Harleen avait horreur de se faire remarquer, le problème quand les autres s'apercevaient de votre existence, c'est qu'ils ne manquaient jamais une occasion de la décortiquer pour lui donner un sens. En tant que psychiatre elle savait de quoi elle parlait. Son métier consistait précisément à analyser tous les détails qui pouvaient trahir un patient. Voilà pourquoi elle passait autant de temps, et consacrait autant de soins à se faire oublier. Mais chaque jour était une source d'angoisse pour elle. C'est pour cela qu'elle s'adonnait à tous ses rituels. Tous les matins, dès le réveil, elle décapait et récurait son appartement à grand renfort d'eau bouillante et prenait ensuite une douche brûlante où elle se frottait la peau avec du crin, la seule chose sur Terre à apaiser ses crises de panique. Elle adorait la sensation de la brûlure sur sa peau, au moment où lui dégringolait dessus, la vapeur dense lui comprimant la poitrine lui donnait des vertiges mais la réconfortait d'une certaine manière. En se frottant énergiquement le corps avec ce gant abrasif, elle sentait toutes ses peurs de détacher de sa personne. Néanmoins, depuis quelque temps, elle devait se montrer plus raisonnable. Le personnel de l'hôpital s'était étonné un jour de voir sa peau rougit et gonflée. Harleen s'en était sortie par une pirouette, honteuse et paniquée à l'idée qu'ils puissent la percer à jour. Le soir même, elle avait revu l'intégralité de son emploi du temps pour établir de nouveaux rituels.
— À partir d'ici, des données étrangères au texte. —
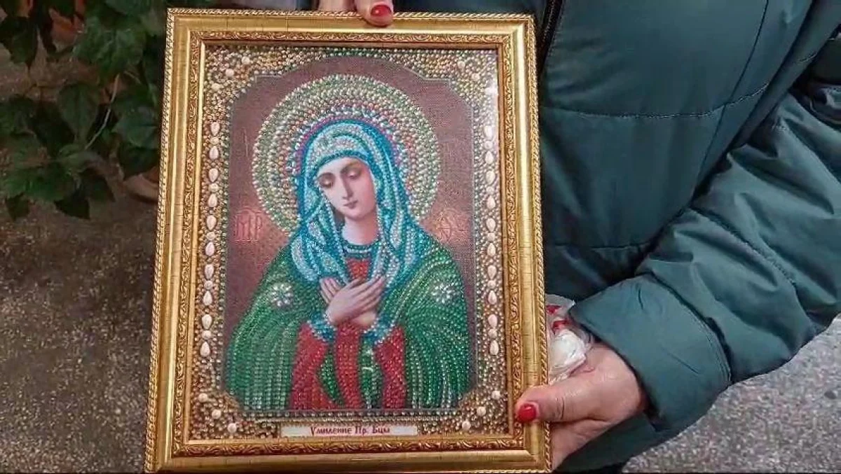 В Калужской области женщина передала освященную икону ручной работы для бойцов на фронт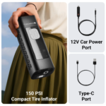 This portable inflator supports both wireless and wired operation. You can use the rechargeable battery for convenient portable usage or connect it directly to your car using the 12V car port adapter for continuous power during longer inflation tasks.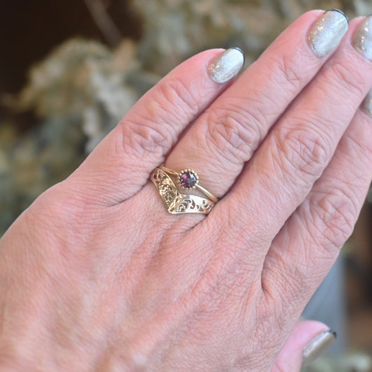 デザインカットされたガーネット リング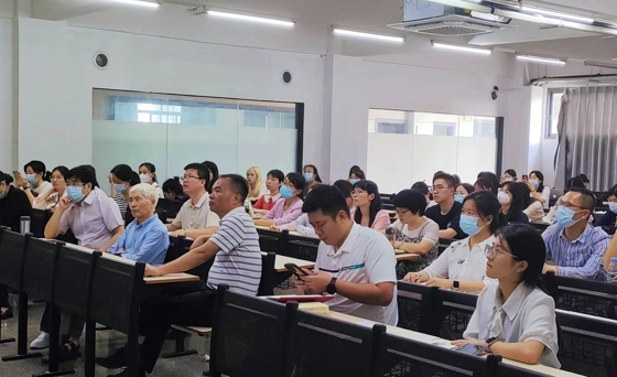 图为章冠球同志热情洋溢的讲座现场
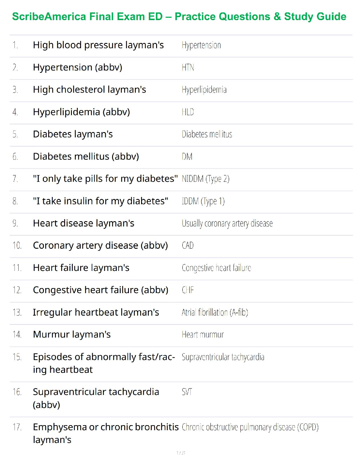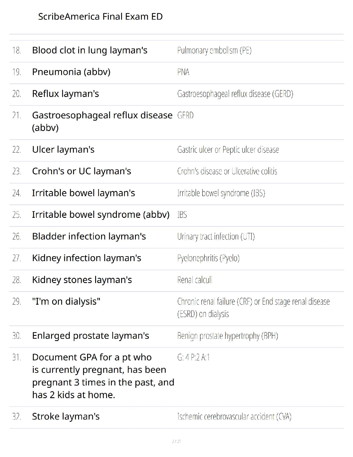 Prepare for the ScribeAmerica ED Final Exam with this comprehensive 2025/2026 study guide. Master critical medical terminology, common laymen's terms, and essential abbreviations frequently encountered in the Emergency Department. Designed to ensure you grasp key concepts thoroughly, this resource is your ultimate tool to confidently pass your ScribeAmerica exam on the first attempt and avoid costly resits. Perfect for medical scribe trainees and aspiring ED professionals seeking to excel in their certification.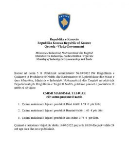 Siç njofton ministria, çmimi maksimal i lejuar për secilin produkt të naftës është si në vijim.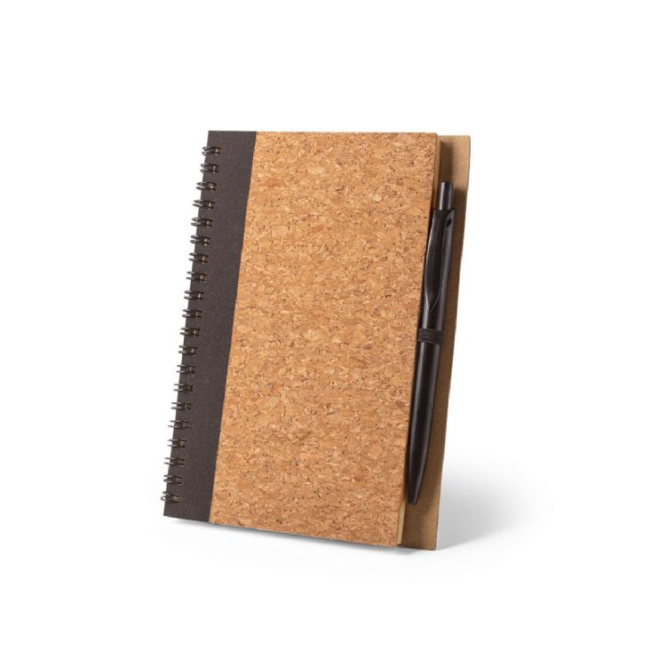 B6 notepad with hard cover made of cork and recycled polyester (100% rPET) with 140 plain pages made from 100% recycled paper (70 g/m²) Includes a pen holder and a ball pen in wheat fibre and ABS with clip. Blue writing. As the product is made from natural materials, the colour and the printing result may vary between products. Product in black color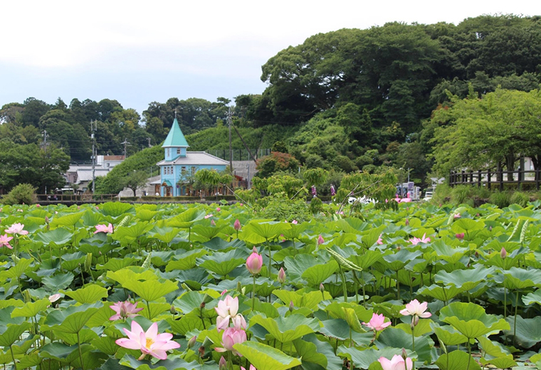 「花・水・鳥・笑顔」がテーマの公園。四季折々の花が咲きほこり、一年を通して様々な花を見ることができます。 特に、夏には名前の由来となるハスの花が池に浮かびます。園内には、遊具はもちろん飲食店、野外音楽堂など子供から大人まで楽しめます。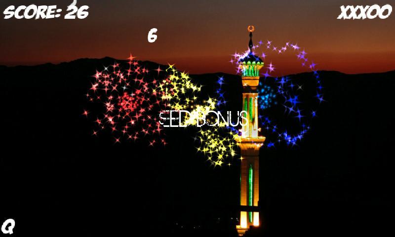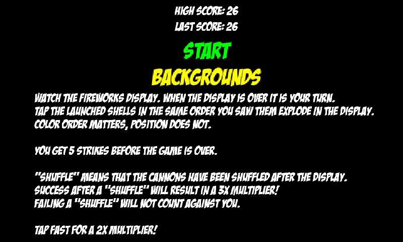 Watch the firework display. When the display is over it is your turn. Tap the launched shells in the same color order that you saw them explode in the display. The color of the shell matters, the position of the shell does NOT.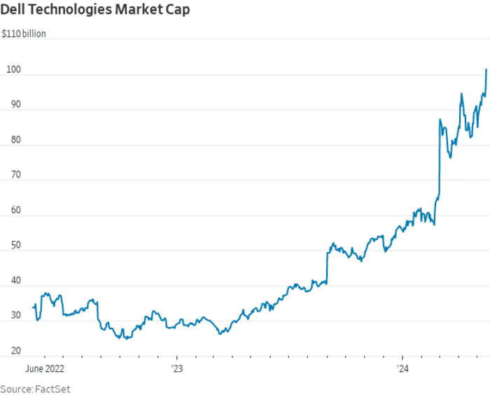 The strong momentum in Dell shares Wednesday puts the company on track for a milestone. Its market value is set to exceed $100 billion if current gains carry through to the close, according to Dow Jones Market Data. That would be Dell’s first time achieving the feat since it came public in 2018.

Harleen ne s'intéressait pas aux garçons. D'une part parce que les Quinzel étaient de farouches chrétiens pratiquants et que son père aurait sans doute été capable du pire si elle s'était adonnée au flirt d'autres part parce que la vision qu'elle avait de la sexualité et des relations amoureuses se basait sur ce dont elle avait été témoin à la fac, au milieu des étudiants bien plus âgés qu'elle, qui n'avaient pas comme souci premier d'épargner la jeune fille. Il lui était tout bonnement impossible de s'imaginer en couple, d'envisager un homme de cette manière-là. Elle avait choisi de s'immerger dans la connaissance. Elle avait conscience que tous ses rituels palliaient un manque, un vide qu'elle n'arrivait pourtant pas à s'expliquer. Ce besoin de tout contrôler, de nettoyer, de ranger, de classer ne s'étaient pas développer par hasard. Mais aussi brillante fût-elle, Harleen n'arrivait pas à s'aider elle-même, c'est sans doute pour cela qu'elle préféra aider les autres. Elle gardait pourtant une distance avec les autres, les observant vivre de loin, comme on regarde un film au cinéma. Mieux que personne elle savait décortiquer, analyser une manie ou une attitude anodine et était capable de l'interpréter. Son talent d'observatrice hors pair, ses excellentes notes et son quotient intellectuel largement supérieur au commun des mortels, avait attiré l'attention du Doyen de la Faculté qui l'avait orientée vers le professeur Marshall Pierce. Celui-ci fût ravi d'accueillir le plus jeune psychiatre de tout l'Etat du Colorado dans son service et prit immédiatement Harleen sous son aile. Cet homme d'une cinquantaine d'années avec des cheveux blancs coupés court, une légère tendance à l'embonpoint et de grands yeux bleus pétillants lui avait appris tout ce qu'il savait. Il lui confia la charge des jeunes enfants et des adolescents auprès desquels la jeune femme s'investissait totalement.